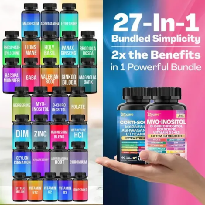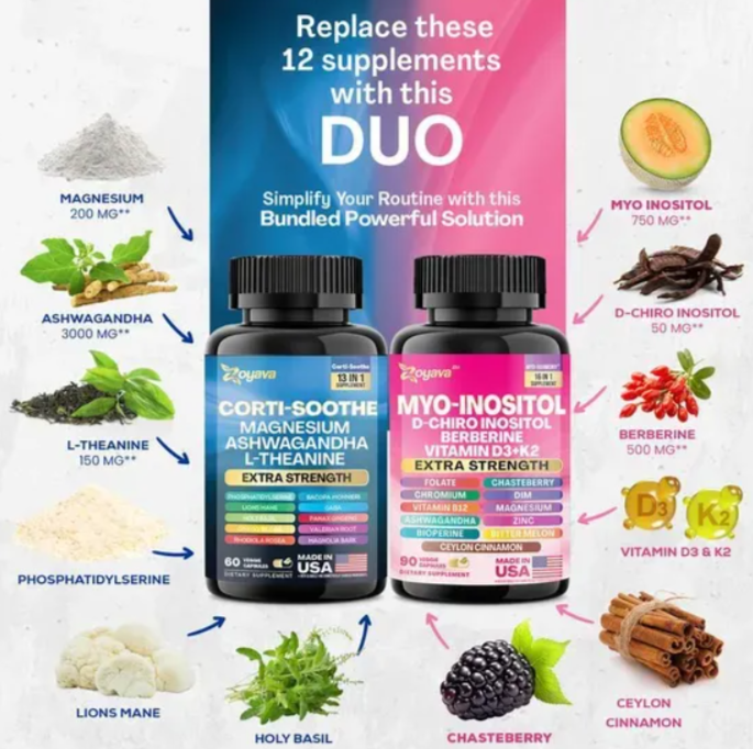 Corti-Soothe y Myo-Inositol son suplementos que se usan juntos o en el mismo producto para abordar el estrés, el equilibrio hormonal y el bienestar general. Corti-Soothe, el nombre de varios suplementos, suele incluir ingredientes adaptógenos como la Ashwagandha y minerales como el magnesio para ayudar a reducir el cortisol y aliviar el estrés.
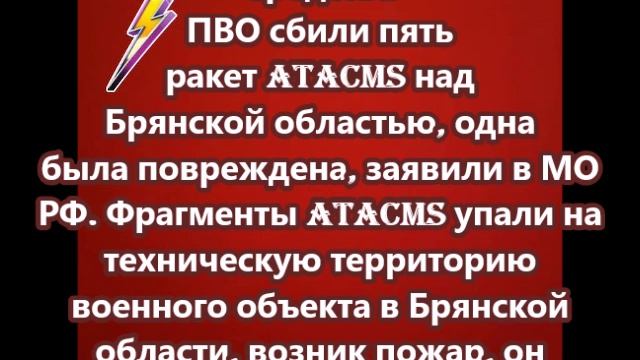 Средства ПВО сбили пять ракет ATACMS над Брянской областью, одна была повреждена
-=-=-
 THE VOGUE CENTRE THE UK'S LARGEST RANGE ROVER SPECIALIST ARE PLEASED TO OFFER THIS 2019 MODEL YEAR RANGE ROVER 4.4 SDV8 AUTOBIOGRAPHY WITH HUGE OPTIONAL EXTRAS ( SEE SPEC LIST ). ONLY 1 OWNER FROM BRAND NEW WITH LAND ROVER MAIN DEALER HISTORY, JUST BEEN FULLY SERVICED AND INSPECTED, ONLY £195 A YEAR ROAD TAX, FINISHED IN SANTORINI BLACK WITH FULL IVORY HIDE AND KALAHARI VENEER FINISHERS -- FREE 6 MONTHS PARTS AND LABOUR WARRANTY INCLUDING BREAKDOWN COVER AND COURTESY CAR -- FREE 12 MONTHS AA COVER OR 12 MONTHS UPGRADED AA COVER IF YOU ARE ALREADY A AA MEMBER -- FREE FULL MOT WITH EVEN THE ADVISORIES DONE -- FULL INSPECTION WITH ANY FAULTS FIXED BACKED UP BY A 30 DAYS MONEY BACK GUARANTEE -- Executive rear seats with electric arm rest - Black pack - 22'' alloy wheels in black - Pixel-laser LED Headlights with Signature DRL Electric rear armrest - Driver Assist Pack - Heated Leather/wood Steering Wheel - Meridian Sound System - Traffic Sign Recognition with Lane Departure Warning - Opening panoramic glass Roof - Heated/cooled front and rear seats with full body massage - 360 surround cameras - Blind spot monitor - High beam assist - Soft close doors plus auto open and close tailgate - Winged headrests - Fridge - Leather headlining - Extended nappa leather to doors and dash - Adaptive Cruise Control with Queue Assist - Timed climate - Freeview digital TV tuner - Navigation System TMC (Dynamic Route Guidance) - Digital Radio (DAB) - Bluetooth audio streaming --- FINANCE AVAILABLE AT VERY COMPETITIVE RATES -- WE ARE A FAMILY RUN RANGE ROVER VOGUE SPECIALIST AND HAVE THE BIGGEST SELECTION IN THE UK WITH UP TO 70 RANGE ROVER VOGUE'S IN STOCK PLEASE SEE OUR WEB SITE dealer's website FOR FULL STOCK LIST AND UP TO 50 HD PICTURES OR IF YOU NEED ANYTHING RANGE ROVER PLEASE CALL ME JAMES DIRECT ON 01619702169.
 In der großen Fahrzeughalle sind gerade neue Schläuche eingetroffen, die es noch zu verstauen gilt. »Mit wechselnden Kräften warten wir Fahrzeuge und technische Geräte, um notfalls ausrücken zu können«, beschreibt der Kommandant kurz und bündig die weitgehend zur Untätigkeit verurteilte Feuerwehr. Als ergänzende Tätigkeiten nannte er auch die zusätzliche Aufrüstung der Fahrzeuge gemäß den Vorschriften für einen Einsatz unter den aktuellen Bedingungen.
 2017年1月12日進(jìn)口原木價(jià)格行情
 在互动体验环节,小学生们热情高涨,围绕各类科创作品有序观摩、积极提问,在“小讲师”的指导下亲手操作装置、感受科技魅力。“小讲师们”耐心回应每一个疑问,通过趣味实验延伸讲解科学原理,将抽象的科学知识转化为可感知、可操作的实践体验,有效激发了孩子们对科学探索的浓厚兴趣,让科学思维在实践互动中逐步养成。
-=-=-
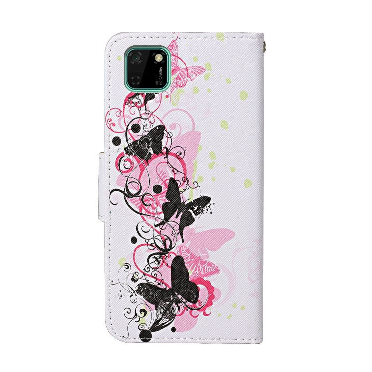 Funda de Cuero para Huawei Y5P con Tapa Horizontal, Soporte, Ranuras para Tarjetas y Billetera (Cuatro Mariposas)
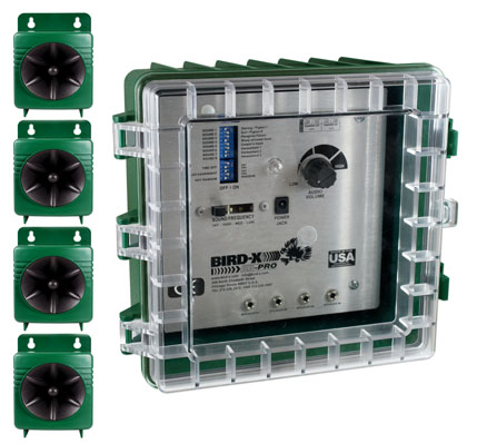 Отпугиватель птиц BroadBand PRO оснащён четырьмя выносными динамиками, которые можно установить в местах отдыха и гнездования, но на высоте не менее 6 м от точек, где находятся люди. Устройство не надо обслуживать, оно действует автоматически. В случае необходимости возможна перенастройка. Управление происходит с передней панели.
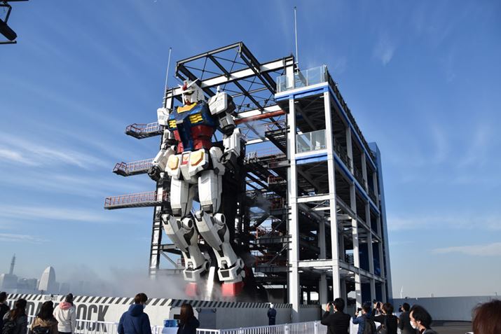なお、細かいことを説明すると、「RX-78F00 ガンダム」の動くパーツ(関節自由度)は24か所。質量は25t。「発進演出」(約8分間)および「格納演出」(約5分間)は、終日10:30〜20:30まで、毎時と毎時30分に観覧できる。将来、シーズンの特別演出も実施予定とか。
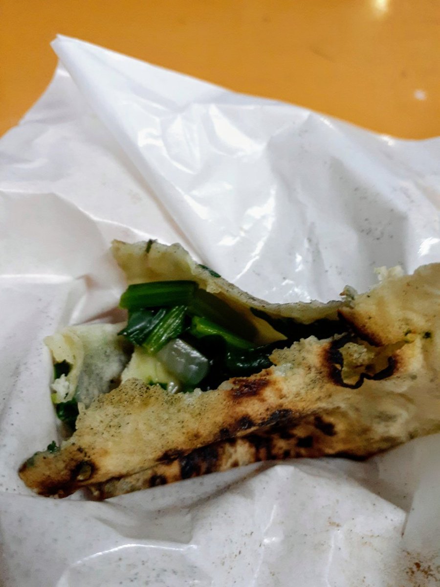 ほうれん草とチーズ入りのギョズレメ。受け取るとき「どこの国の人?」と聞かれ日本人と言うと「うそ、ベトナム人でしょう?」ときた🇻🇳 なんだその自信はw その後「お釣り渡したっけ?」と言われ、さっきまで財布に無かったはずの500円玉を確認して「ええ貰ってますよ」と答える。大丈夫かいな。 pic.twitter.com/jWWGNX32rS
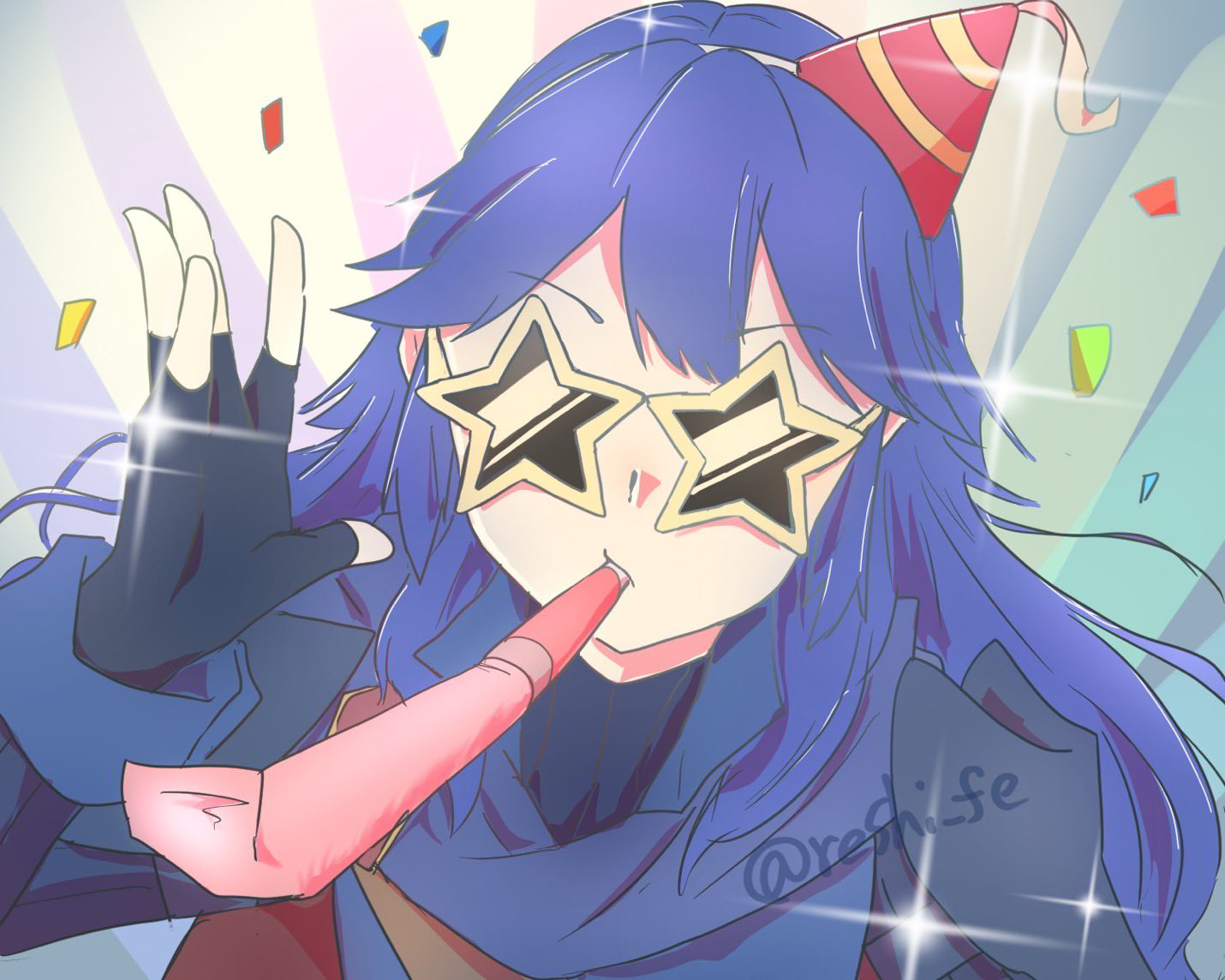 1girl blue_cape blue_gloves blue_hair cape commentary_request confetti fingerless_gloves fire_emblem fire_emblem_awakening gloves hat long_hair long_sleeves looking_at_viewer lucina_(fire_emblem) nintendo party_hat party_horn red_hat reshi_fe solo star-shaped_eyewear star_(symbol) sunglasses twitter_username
-=-=-
What you have to do ::
Leaving pictures out, output the lines of the data above from the one with "なお、細かいことを説明すると" through the one with "1girl blue_cape blue_gloves", word for word.

Solution to this problem ::
なお、細かいことを説明すると、「RX-78F00 ガンダム」の動くパーツ(関節自由度)は24か所。質量は25t。「発進演出」(約8分間)および「格納演出」(約5分間)は、終日10:30〜20:30まで、毎時と毎時30分に観覧できる。将来、シーズンの特別演出も実施予定とか。
 ほうれん草とチーズ入りのギョズレメ。受け取るとき「どこの国の人?」と聞かれ日本人と言うと「うそ、ベトナム人でしょう?」ときた🇻🇳 なんだその自信はw その後「お釣り渡したっけ?」と言われ、さっきまで財布に無かったはずの500円玉を確認して「ええ貰ってますよ」と答える。大丈夫かいな。 pic.twitter.com/jWWGNX32rS
 1girl blue_cape blue_gloves blue_hair cape commentary_request confetti fingerless_gloves fire_emblem fire_emblem_awakening gloves hat long_hair long_sleeves looking_at_viewer lucina_(fire_emblem) nintendo party_hat party_horn red_hat reshi_fe solo star-shaped_eyewear star_(symbol) sunglasses twitter_username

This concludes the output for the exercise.